Na verdade é o falso mel. É interessante notar que o mel é uma das commodities mais falsificadas, inclusive historicamente falando, e daí vem o medo de muitas pessoas em consumir o mel, já que muitas usam como remédio mesmo.

O que eles fazem, em geral, é uma calda de açúcar misturada com glicose de milho para dar consistência. Depois de envasar o conteúdo e colocar um rótulo falso, vendem como se fosse mel.

A realidade é que existem pessoas que criam mel por conta própria e existem algumas leis que legalizam a produção autônoma de mel, mas o Ibama ainda está regulamentando. Mesmo para consumo próprio, o registro da criação nos órgãos competentes é o mais importante.
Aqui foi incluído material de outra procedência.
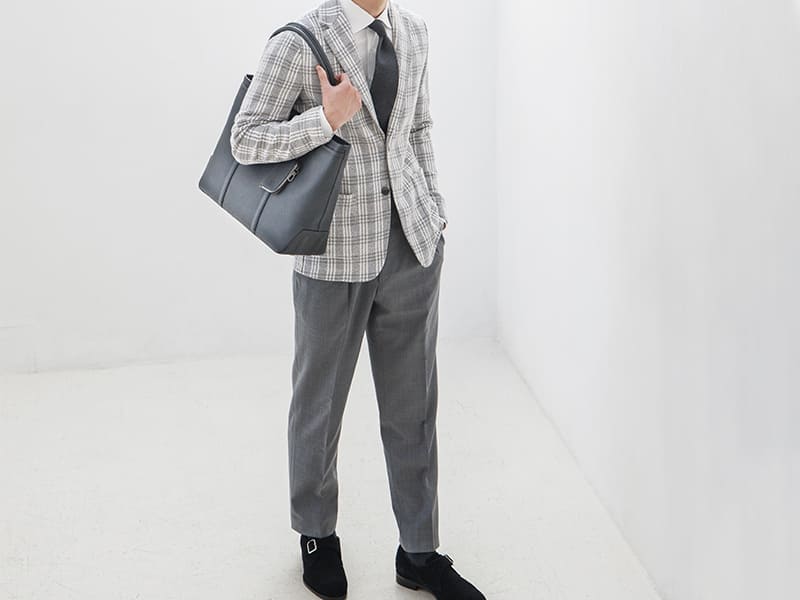 肩掛けタイプのビジネストート。大き目のあおりポケットを設け、スマートフォンやカードケースの出し入れがスムーズ。ビジネスシーンでの使い勝手を考え、内装にも細かな収納を完備。AirPodsなどのイヤフォンやカード、コイン、インテリジェントキーなども収納できるミニポーチが付属します。

Já para a comercialização, de acordo com a legislação brasileira e mundial, o produto precisa ser inspecionado.

Na Feira do Mel, garantimos que todos os produtos são mel de verdade.

 

Qual é a diferença entre apicultores e meliponicultores?
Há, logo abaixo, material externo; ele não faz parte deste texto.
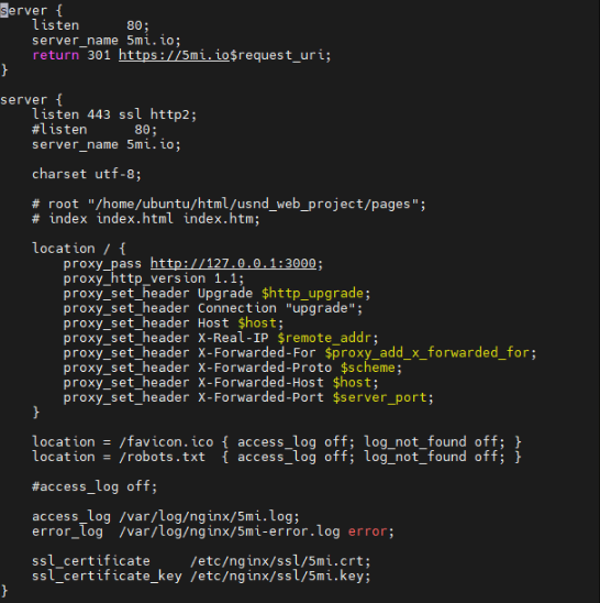 이후 nginx conf 설정에 아래 이미지처럼 / 뒤로 접속이 있을 경우 3000 포트로 연결 시켜주는 식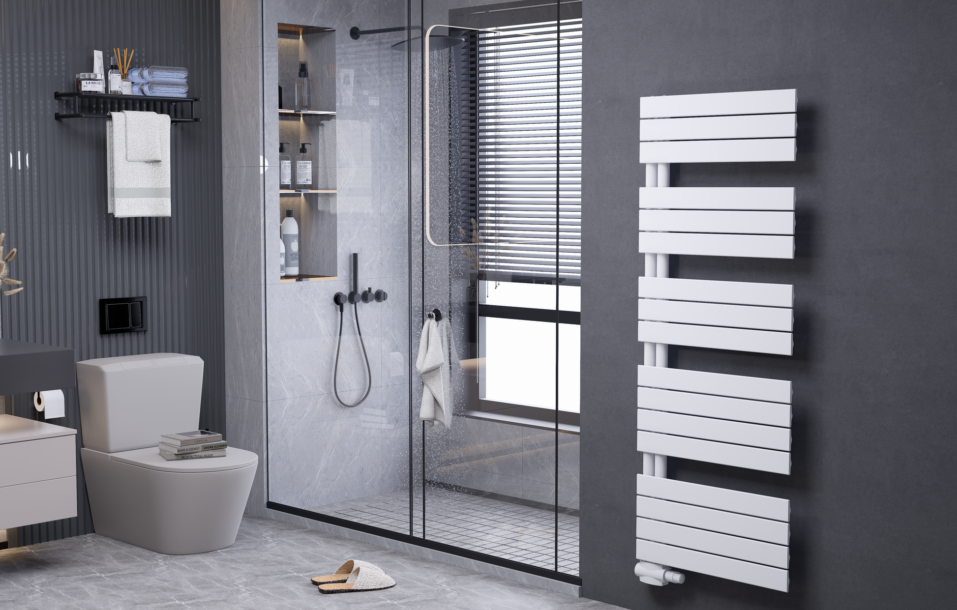 Със стилния си бял цвят (RAL 9016) и иновативния плосък дизайн, този радиатор е перфектен избор за всяка модерна баня. Подходящ за отоплителни системи с термопомпи, пелетни камини, газови котли и централно отопление. Освен това може да бъде използван и като електрически радиатор (изисква допълнителен нагревател, който не е включен).

Os apicultores são criadores da abelha apis mellifera, espécie vinda da Europa que foi cruzada com outra espécie vinda da África. Esse inseto usa o ferrão para a defesa de inimigos naturais, o que é importante para sua sobrevivência, mas dificulta o manejo.
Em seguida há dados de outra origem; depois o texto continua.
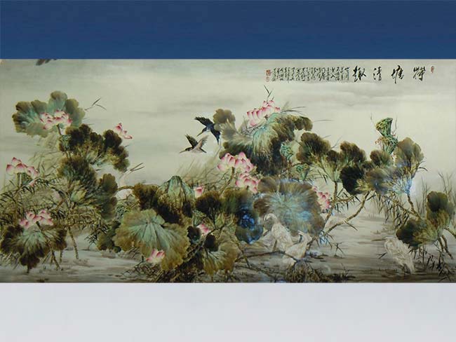 2.4m#1.2m粉彩瓷板《荷塘清趣》

Já os meliponicultores são os criadores das melíponas, abelhas sem ferrão, também conhecidas como indígenas ou nativas. Por não causarem nenhum acidente, como a que tem ferrão, é mais fácil o manejo.

 

Como surgiu a ideia de fazer uma feira que envolvesse tantos produtores?

A feira surgiu para aproximar o consumidor do produtor, pois o produtor precisa agregar mais valor à sua produção para além de vender para o supermercado. Por outro lado, o consumidor também prefere pagar um pouco menos do que ele paga para o supermercado.

O mel ainda é considerado um produto de quitanda e as pessoas acabam sentindo falta daquela característica colonial do mel. Durante a feira, elas percebem – dentre as mais de 100 variações de méis – que o produto tem as características originais/regionais mantidas.

 

Quando é a próxima edição da Feira do Mel?

Nossa feira presencial acontece sempre no mês de maio, no primeiro ou no segundo final de semana; mas desde o ano passado também temos a Feira Virtual do Mel que é de 1 a 30 de setembro.

Pelo site, que ainda será criado e disponibilizado, os consumidores de todo o Brasil podem acessar e conhecer todos os produtores. As pessoas podem comprar também, mas o volume de venda é feito na feira presencial mesmo.

A importância da feira online é a divulgação do produtor para todo o Brasil. Os consumidores podem consultar as marcas que estão no site, que são todas certificadas pelos órgãos competentes.

Fica o convite, então, para as pessoas conhecerem a Feira do Mel, prestigiarem os produtores aqui de Santa Catarina com a certeza de consumir, em primeira mão, uma das commodities que mais movimentam o mercado em exportação.

 

A organização é da Federação das Associações de Apicultores e Meliponicultores de Santa Catarina (Faasc), Epagri, Sebrae, Senar, UFSC e prefeitura de Florianópolis. A feira conta com o apoio da Secretaria de Estado da Agricultura.